-- Stored data entries --
━━━━━━

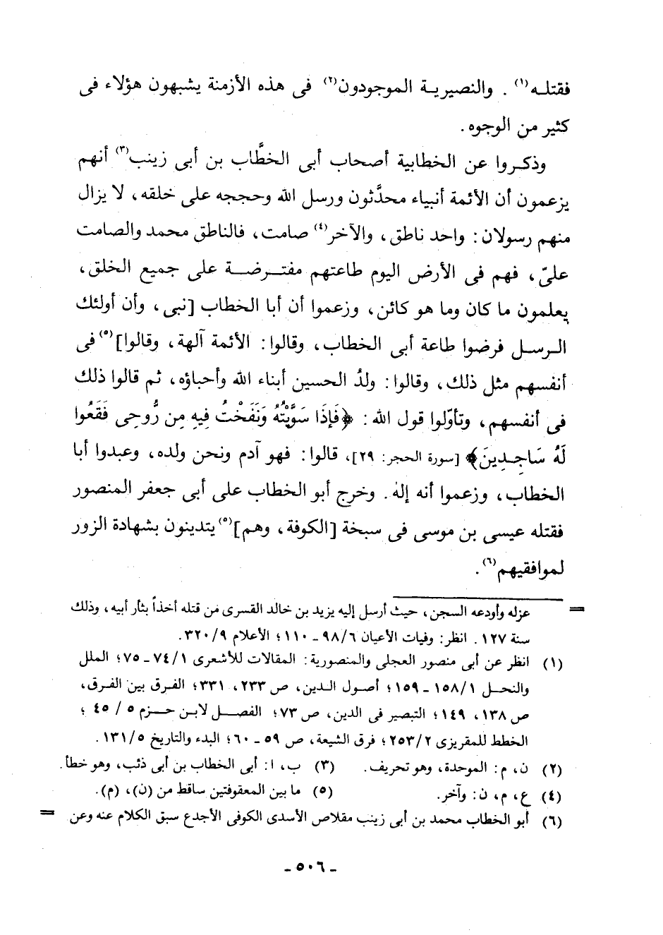(¬7) أَبُو الْخَطَّابِ مُحَمَّدُ بْنُ أَبِي زَيْنَبَ مِقْلَاصٌ الْأَسَدِيُّ الْكُوفِيُّ الْأَجْدَعُ سَبَقَ الْكَلَامُ عَنْهُ وَعَنْ فِرْقَتِهِ 1/64 ت [0 - 9] . وَالَّذِي ذَكَرَهُ ابْنُ تَيْمِيَّةَ عَنْهُ وَعَنِ الْخَطَّابِيَّةِ هُنَا هُوَ تَقْرِيبًا مَا فِي مَقَالَاتِ الْأَشْعَرِيِّ 1 - 77. وَانْظُرْ أَيْضًا: أُصُولَ الدِّينِ، ص [0 - 9] 98، 331 ; التَّبْصِيرَ فِي الدِّينِ، ص [0 - 9] 3 - 74 ; الْفِصَلَ لِابْنِ حَزْمٍ 5/48 ; الْخِطَطَ لِلْمَقْرِيزِيِّ 2/352 ; التَّنَبُّهَ لِلْمَلْطِيِّ، ص [0 - 9] 54 ; فِرَقَ الشِّيعَةِ، ص [0 - 9] 3 - 64 ; الْبَدْءَ وَالتَّارِيخَ 5/131 ; الرِّجَالَ لِلْكَشِّيِّ (ط. الْأَعْلَمِيِّ، النَّجَفَ) ، ص [0 - 9] 46 - 260. وَانْظُرِ التَّعْلِيقَ الْآتِي عَنِ الْبَزِيغِيَّةِ. وَفِي هَامِشِ (ع) كَتَبَ مُسْتَجِي زَادَه التَّعْلِيقَ التَّالِيَ: " وَالْحَاصِلُ أَنَّ الطَّائِفَةَ الْمَنْسُوبَةَ إِلَى بَيَانِ بْنِ سَمْعَانَ الَّتِي يُقَالُ لَهُمُ الْبَيَانِيَّةُ، وَالطَّائِفَةَ الْمَنْسُوبَةَ إِلَى أَبِي مَنْصُورٍ الَّتِي يُقَالُ لَهُمُ الْمَنْصُورِيَّةُ، وَالطَّائِفَةَ الْمَنْسُوبَةَ إِلَى أَبِي الْخَطَّابِ الَّتِي يُقَالُ لَهُمُ الْخَطَّابِيَّةُ: كُلُّهُمْ مِنْ غُلَاةِ الرَّوَافِضِ، وَأَنَّهُمْ يَسْتَحِلُّونَ الْمَحَارِمَ، وَأَنَّهُمْ يَقُولُونَ بِعَدَمِ انْقِطَاعِ النُّبُوَّةِ وَبِارْتِفَاعِ التَّكَالِيفِ، وَأَنَّهُمْ أَقْدَمُ الْبَاطِنِيَّةِ، وَالْبَيَانِيَّةُ أَقْدَمُ أَلْوَانِ (؟) الدُّرُوزِ، وَالنُّصَيْرِيَّةُ مِنْ شِيعَتِهِمْ، وَالْحَمْزَوِيَّةُ مِنْ أَتْبَاعِهِمْ. وَالْمَقَالَاتُ الْمَنْسُوبَةُ إِلَى بَيَانِ بْنِ سَمْعَانَ أَخَذَ بِهَا بَعْدَهُ طَائِفَةٌ يُقَالُ لَهُمُ الْبَاطِنِيَّةُ وَالْإِسْمَاعِيلِيَّةُ، وَمِمَّنِ اشْتُهِرَ مِنْهُمْ حَسَنُ بْنُ الصَّبَاحِ الَّذِي جَاءَ فِي عَصْرِ مَلِكْشَاه السَّلْجُوقِيِّ، وَأَلَّفَ كُتُبًا كَثِيرَةً يُبَيِّنُ مَقَالَاتِ الْبَاطِنِيَّةِ وَيَنْصُرُهُمْ وَيُنَافِحُ عَنْهُمْ، وَاسْتَوْلَى عَلَى الْقِلَاعِ فِي فَارِسَ وَجُبَيْلٍ (؟) وَتَسَلْطَنَ هُنَاكَ حَتَّى يُقَالَ لَهُ: صَاحِبُ الْقِلَاعِ، وَقَدْ حَاوَلَ الرَّدَّ وَإِبْطَالَ كَلَامِهِ كَثِيرٌ مِنَ الْعُلَمَاءِ، وَمِنْهُمُ الْإِمَامُ الْغَزَالِيُّ الطُّوسِيُّ: أَلَّفَ فِي إِبْطَالِ كَلَامِهِ كُتُبًا كَثِيرَةً، وَالنُّصَيْرِيَّةُ وَالدُّرُوزُ الَّذِينَ كَانُوا فِي نَوَاحِي الشَّامِ وَمِنْهُمْ بَنُو الْعُبَيْدِ وَيُقَالُ لَهُمُ الْفَاطِمِيُّونَ أَيْضًا، اسْتَوْلَوْا عَلَى بِلَادِ الْمَغْرِبِ أَوَّلًا، ثُمَّ عَلَى بِلَادِ. . . وَمِصْرَ، وَمِنْهُمْ طَائِفَةٌ مِنَ الرُّومِ يُقَالُ لَهُمُ الْحَمْزَوِيَّةُ وَالْبَيْرَامِيَّةُ كَانُوا عَلَى مَسْلَكِ هَؤُلَاءِ الْبَاطِنِيَّةِ. وَالْجَمِيعُ فِرْقَةٌ مِنْ فِرَقَ الرَّوَافِضِ الْغَالِيَةِ الَّذِينَ قَالُوا بِقِدَمِ الْعَالَمِ وَعَدَمِ الْحَشْرِ وَالنَّشْرِ وَبِالتَّجْسِيمِ وَالتَّنَاسُخِ وَالْحُلُولِ "
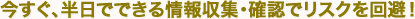 これらの情報収集は、全国どこでも半日もあれば確認が可能です。
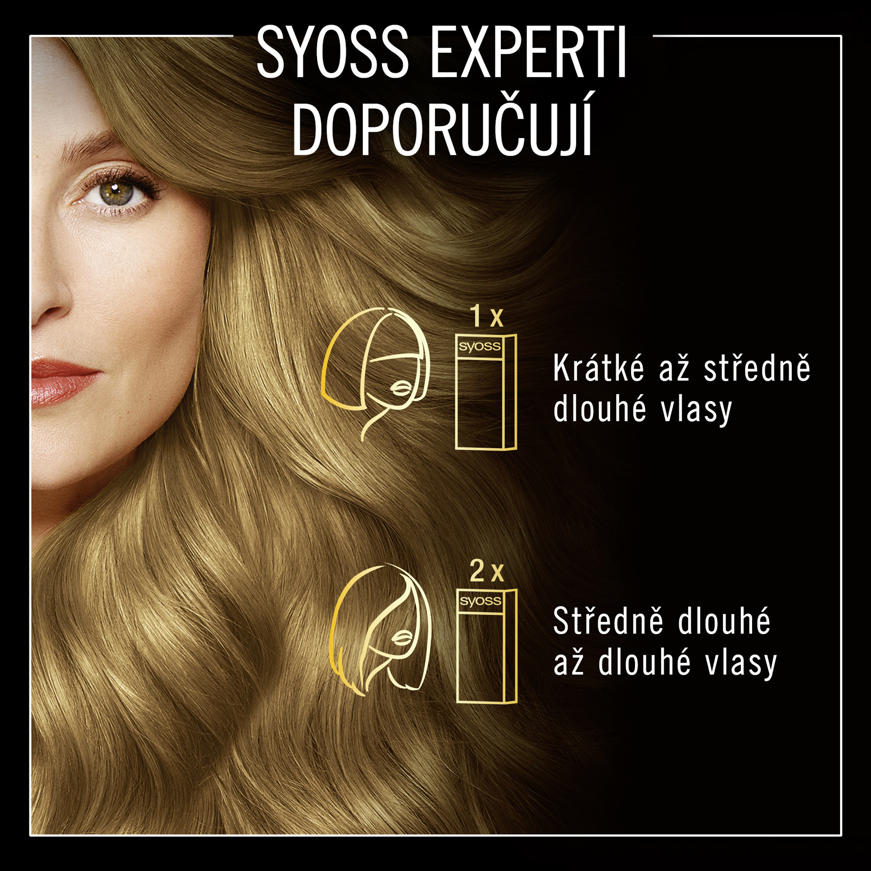 Odborné poradenství pro barvení vlasů. Přesná aplikace 1x Krátké až středně dlouhé vlasy. 2x Středně dlouhé až dlouhé vlasy. Výsledek viz obal.
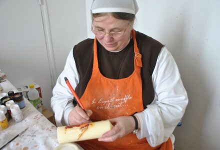 To help them grow in God and in their human capacities, their work is divided among the garden, keeping up the cottage, as well as our workshops that produce decorated candles, “Lumen Christi” statues, and wood crafts. Our house also undertakes an evangelization through work with couples and tourists, cooperating with the Catholic pastoral team of the Bay.
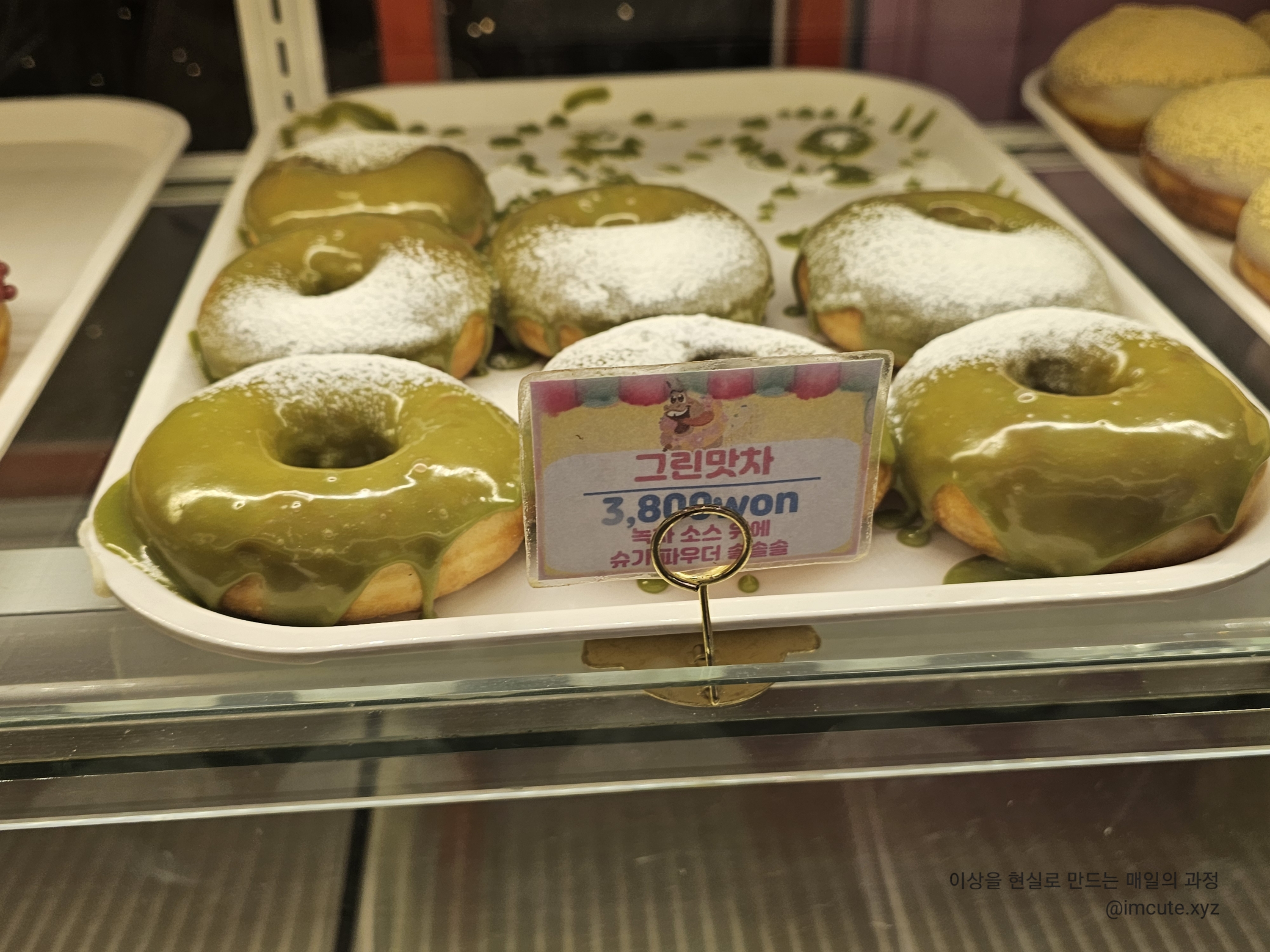 도너츠 위에 흘러내리듯이 녹차가 토핑이 되어 있는데 마치 그림처럼 예뻐 보여요
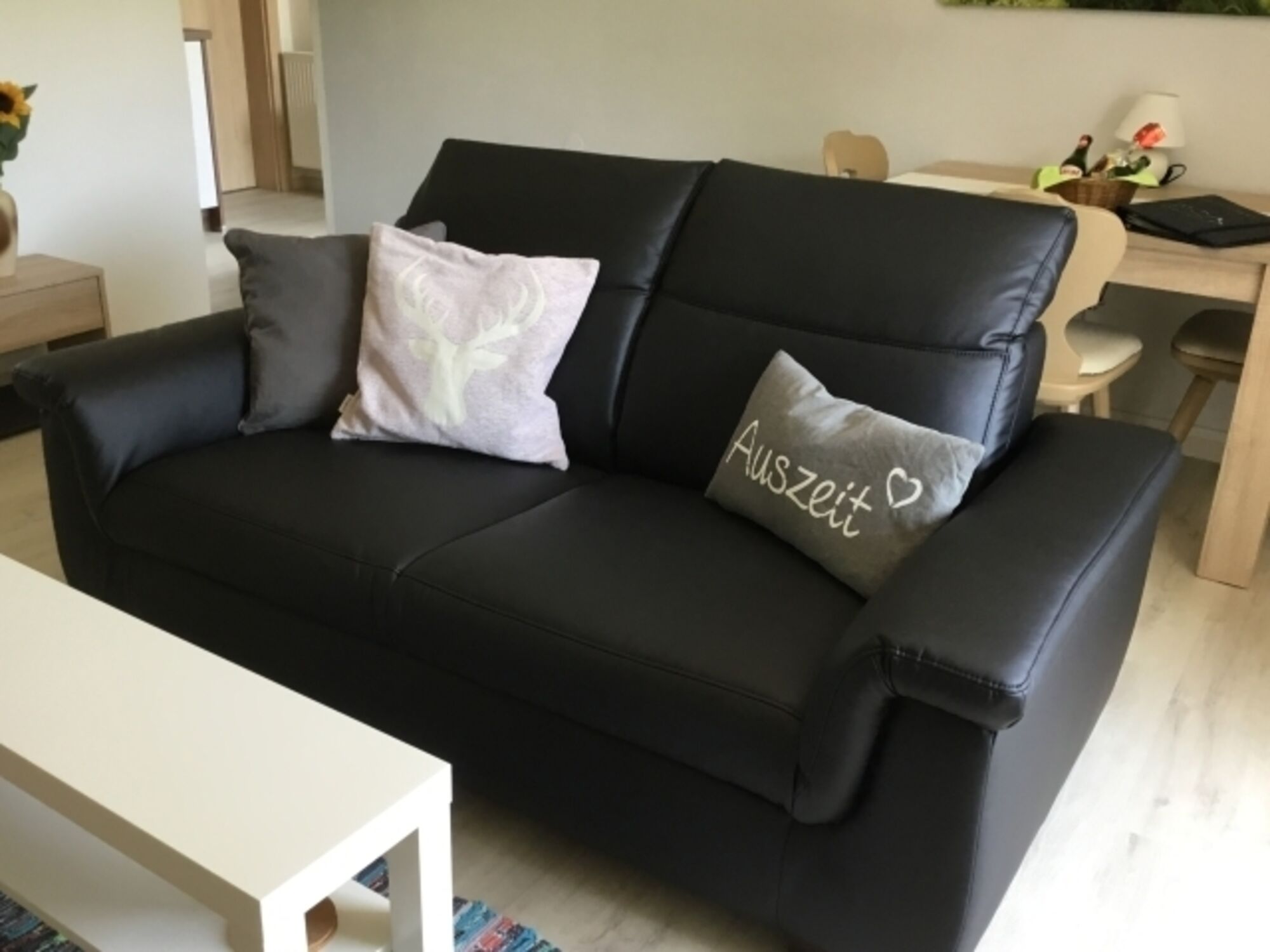 Modern und hell, ist unser ca. 46 qm großes hundefreundliche Apartment mit allem Notwendigen für einen schönen Urlaub für bis zu drei Personen ausgestattet. Im großzügigen Schlafzimmer ist dabei ausreichend Platz für ein vollwertiges Zustellbett. Der Balkon verläuft über zwei Seiten des Hauses, ist damit der Größte aller Apartments und bietet dadurch mehr Privatssphäre.

━━━━━━

-- AIM OF THE TASK --
Copy the lines above exactly, starting at the one with "To help them" and ending at the one with "도너츠 위에 흘러내리듯이 녹차가 토핑이 되어 있는데 마치 그림처럼 예뻐 보여요", both included. Leave out any pictures and add nothing else.

-- EXERCISE RESPONSE --
 To help them grow in God and in their human capacities, their work is divided among the garden, keeping up the cottage, as well as our workshops that produce decorated candles, “Lumen Christi” statues, and wood crafts. Our house also undertakes an evangelization through work with couples and tourists, cooperating with the Catholic pastoral team of the Bay.
 도너츠 위에 흘러내리듯이 녹차가 토핑이 되어 있는데 마치 그림처럼 예뻐 보여요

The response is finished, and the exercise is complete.